Righteous in Our Warm Beds

**Disclaimer: This piece was written pre-deconstruction of religious beliefs and faith system. Many of these beliefs inform the sentiments of the writing and are not in alignment with my values. As this is a part of my journey and an extensive blog over years, I have chosen not to remove a majority of my posts written on faith. Please as a reader, take this into consideration and take what works for you, leave what does not. I also apologize for any harm my words from this past perspective may cause to any readers.**

I'm curled up in my bed, down comforter layered with a fleece blanket and another knit one on top. I have a wool one wrapped around my shoulders. After complaining a little, as is my good American right and duty, our landlord visited the attic to discover no insulation in our 1950's house. The basement where my roommate sleeps is warmer than my room!

A few weeks ago I caved and bought a space heater. One that has a timer setting so I can schedule it to heat up my room a bit in the morning before my alarm. $30 for a wee baby space heater!
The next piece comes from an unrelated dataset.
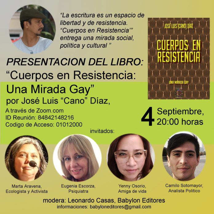 Invitamos a todas y a todos a unirse este viernes 4 de septiembre junto a BabylonEdiciones y a José Luis “Cano” Díaz al lanzamiento oficial de “Cuerpos en Resistencia”. Actividad que debido a las consideraciones actuales de la pandemia se realizará vía Internet. A la cita junto a José Luis, se unirán Marta Aravena (activista y ecologista), Eugenia Escorza (Psiquiatra y amiga del autor), YennyOsorio (amiga del autor) y Camilo Sotomayor (cientista político y amigo del autor).

At work, we're gearing up for our partner churches to help pack and give away wool blankets with toiletries, and a few warm items wrapped up in the middle to homeless people. We call these, Homeless Care Kits. 
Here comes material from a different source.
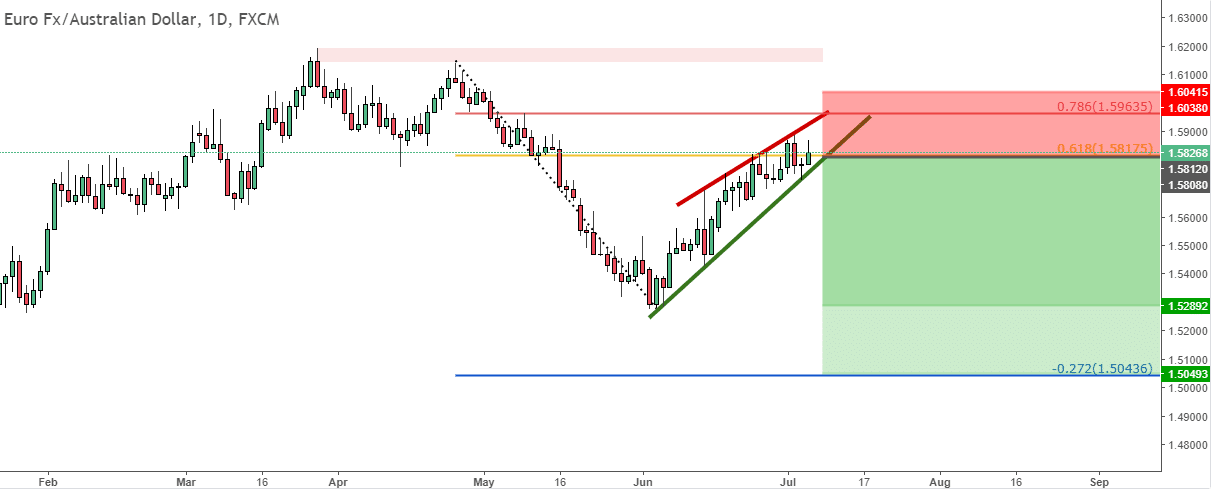 بدعم من بيانات قوية عن الطلبيات الصناعية الألمانية وآمال بشأن تراجع حدة النبرة الأمريكية تجاه شركات صناعة السيارات في الاتحاد الأوروبي ارتفع اليورو أمام نظيره الاسترالي. علي فريم اليومي السعر في موجة تصحيحية صاعدة داخل نموذج الوتد الصاعد. فرصة للبيع نقترحها مع كسر النموذج لأسفل.

It was quite sobering when nearly a year ago I started working for this amazing organization. I learned about things I'd been pleasantly ignorant to before: one being the pain of homelessness. But I'd also never truly paid due attention to the way God's love was meant to intersect that pain, just as it does all others. I spent the first few weeks at this job, learning about what the bible says about how we ought show compassion to all, and especially the "the least of these," as Jesus called them.

The most startling realization was in Matthew 25. Here He tells us that if we do not do these things, we have ignored Him; we have not fed, clothed, or quenched the thirst of our Savior. This passage couldn't be more clear, I dare someone to try and water it down (though not really, if you read it that way, keep it to yourself) and yet we have so many other concepts in the bible we'd rather hang our hat on. Jesus clearly laid out, both in word and by example what compassion looked like. 
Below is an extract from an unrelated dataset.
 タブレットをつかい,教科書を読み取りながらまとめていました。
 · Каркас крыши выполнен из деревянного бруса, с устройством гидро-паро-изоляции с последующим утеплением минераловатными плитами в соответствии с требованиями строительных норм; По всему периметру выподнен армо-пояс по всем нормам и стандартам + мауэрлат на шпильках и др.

Compassion doesn't resemble judgment. Nor does it resemble fear for our supposed safety. It does however get referred to here as an act of the righteous - biblically meaning those who are in right standing with the requirements of God. That means Jesus was saying, this is part of what it means to be in right standing of me. 

The beauty and the tension is that it still needs to be done from the heart. Serving and giving needs to be done out of love. Jesus isn't saying it's the righteous who do this because He wants us to fall in-line out of obligation. See, in the Old Testament, based on our standing with God being measured by the old Law, we would've had to do things to earn that standing. Flash forward to Jesus telling us this, it was shortly before His atoning death where mere acceptance of His sacrifice is now the mark of our righteousness in God's eyes. That righteousness should then inform our actions, compelling us to show compassion to the ones that society rejects and overlooks, this by love not penance.
We're too busy trying to battle the worries of the world with our own might, slapping the label of 'Good Christendom' on it, in spite of the very contradictory nature that Christ himself lays out toward such Pharisaical ways.
I can't say I've mastered it, and I can't say I'm void of my own blind spots, but I do think this generation is in need of a reality check with what Christ called us to. Since my heart came alive to Jesus' sacrifice, I've never been able to see it as anything other than an act of love. Love was defined to the fullest in those hours.
Kind of makes one question, what are we living and dying for? And is it what we've been called to?